Наконец приняв решение, Всеволод встал и направился к городу, внимательно глядя себе под ноги. Проткнуть ногу всяким хламом, сваленным на пустыре, вряд ли выйдет, а вот сломать – запросто. Спустя двадцать минут он вышел к первому дому.
– Что ж, этого следовало ожидать…
Бур постоял несколько минут, глядя на открывшуюся картину. Когда он в сумерках смотрел на город с приличного расстояния, то просто не мог увидеть всей картины.
В январе 1995 года в подвале окруженного чеченскими боевиками дома патриарх русского рока Юрий Шевчук написал песню «Мертвый город. Рождество». Именно словосочетание «Мертвый город» лучше всего подходило к тому, что видел пред собой Всеволод. Стены хранили следы, оставленные пулями и снарядами, угол дома лежал в руинах после попадания большой бомбы, дорога, отделявшая город от пустыря, в воронках. Метрах в ста темнела туша средней бронемашины.
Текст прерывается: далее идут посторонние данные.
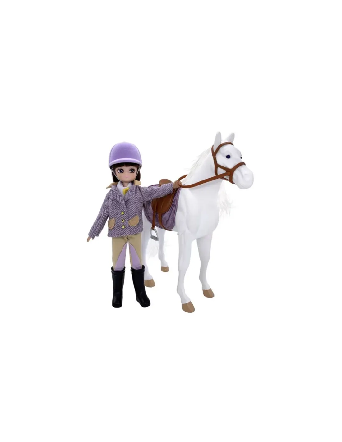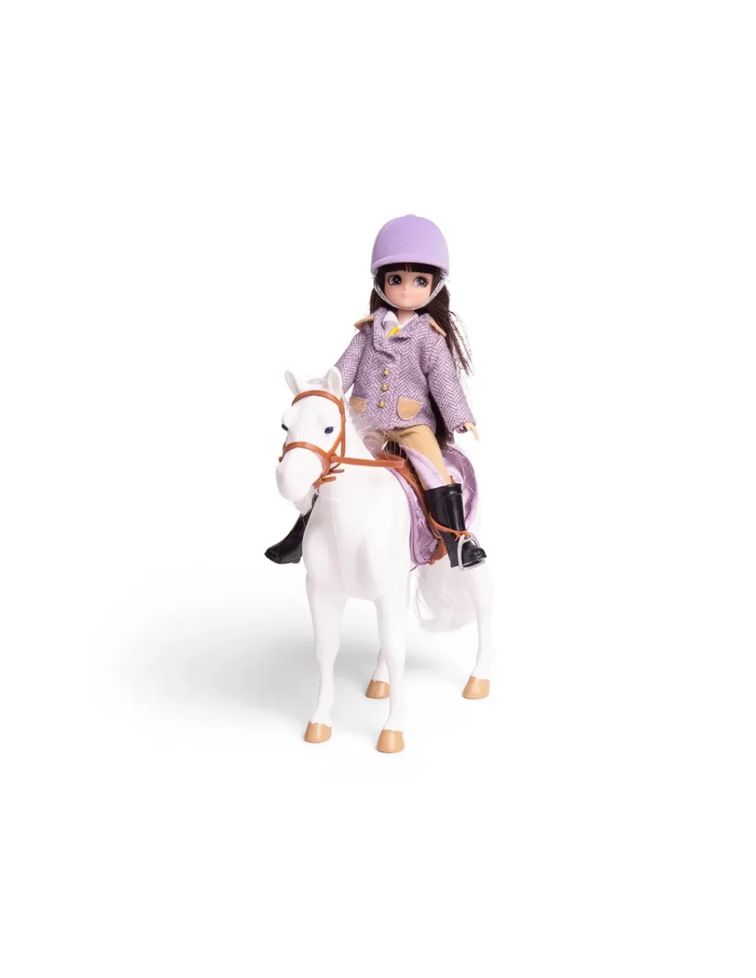 Lottie veut partager son amour de l’équitation et de la randonnée avec son cheval. La poupée est vêtue d’un pantalon d’équitation, d’une paire de bottes, d’une bombe, une chemise et sa veste en tweed.

Бур рефлекторно пригнулся, в нем просыпался бросивший его два года назад совершенно иной Всеволод, Всеволод-воин. Тот, что кувыркался под пулями на настоящей войне, которую какой-то клоун обозвал «контртеррористической операцией». Шут гороховый. На самом деле им противостояла маленькая, неплохо обученная армия, тренированная лучшими инструкторами со всего мира специально для диверсионной войны и боевых действий в городах.
Всеволод-воин действовал уже сам по себе. Сева-бомж даже не заметил, как оказался в укрытии, прижавшись спиной к выбитой взрывом подъездной двери. Заглянув в темное нутро дома, Бур окинул взглядом подъезд. Пусто, только следы от пуль и осколков на стенах. Всеволод быстро скрылся в подъезде, аккуратно, стараясь не создавать ни малейшего шума, поднялся к квартирам, которые встретили его прочными металлическими дверями. Он даже мучиться не стал, такую дверь без тротила не вышибешь. Быстро поднялся на следующий этаж. Та же картина, а вот на третьем повезло, в стене дома зияла дыра, проделанная снарядом, шириной эдак метра два с половиной в диаметре. Взрыв разворотил все на лестничной площадке, обвалив обе лестницы, ведущие на верхние этажи и выбив при этом все двери.
Бур не нуждался в приглашении. Он уже понял, что в этом мертвом доме осторожность не нужна. Не от кого прятаться.
Выдавленная взрывной волной дверь валялась посреди довольно обширной прихожей. О том, что люди покинули дом заранее, говорил совершенно пустой шкаф, в котором остались только вешалки и старый зонт. Кстати, планировка квартиры оказалась очень неплохой: две комнаты (обе средних размеров), большая кухня-столовая, раздельный санузел, причем в ванной были джакузи и душевая кабина – все довольно дорогое. Мебель из натурального дерева, все шкафы распахнуты, вещи раскиданы по полу. Видимо, хозяева собирались в спешке, но не бежали, а просто торопились. Всеволод хорошо помнил брошенные квартиры в Чечне. Там было все по-другому, да и таких богатых он не встречал. Одно было странным: боевые действия закончились, а вот мародеры почему-то не появились. Так не бывает: как только бои затихают, эти твари выползают из всех щелей и грабят брошенные дома, стаскивая к себе в норы все подряд. А в квартире было немало добра. Вся бытовая техника, с виду совершенно целая, стояла на своих местах, огромный плазменный телевизор размером два на два метра висел на стене. И пыли практически не было. Что бы здесь ни произошло, это явно случилось совсем недавно.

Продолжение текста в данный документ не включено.